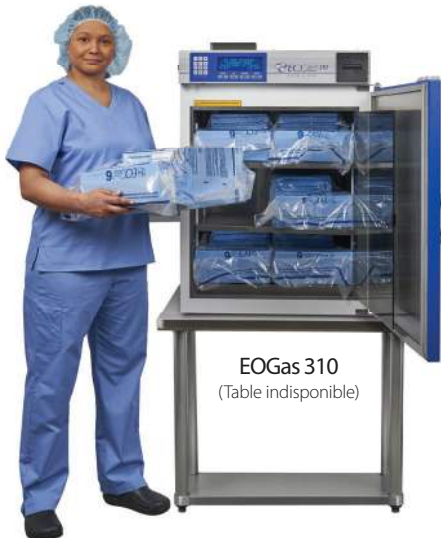
EOGas 310 (Table indisponible)
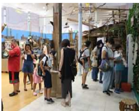
夏休み特別企画展 (湘南台文化センターこども館)

なお、長久保公園及び遠藤笹窪谷公園の次期指定管理者については、公募による選定審査が行われ、当協会は選定されませんでした。利用者へのサービスの継続性と安定性の確保に十分に配慮し、藤沢市及び次期指定管理者への業務の引継ぎを行いました。

---+---

Exercise requirements: Leave the images out. Set down all of the material above exactly.

Answer space:
EOGas 310 (Table indisponible)
夏休み特別企画展 (湘南台文化センターこども館)

なお、長久保公園及び遠藤笹窪谷公園の次期指定管理者については、公募による選定審査が行われ、当協会は選定されませんでした。利用者へのサービスの継続性と安定性の確保に十分に配慮し、藤沢市及び次期指定管理者への業務の引継ぎを行いました。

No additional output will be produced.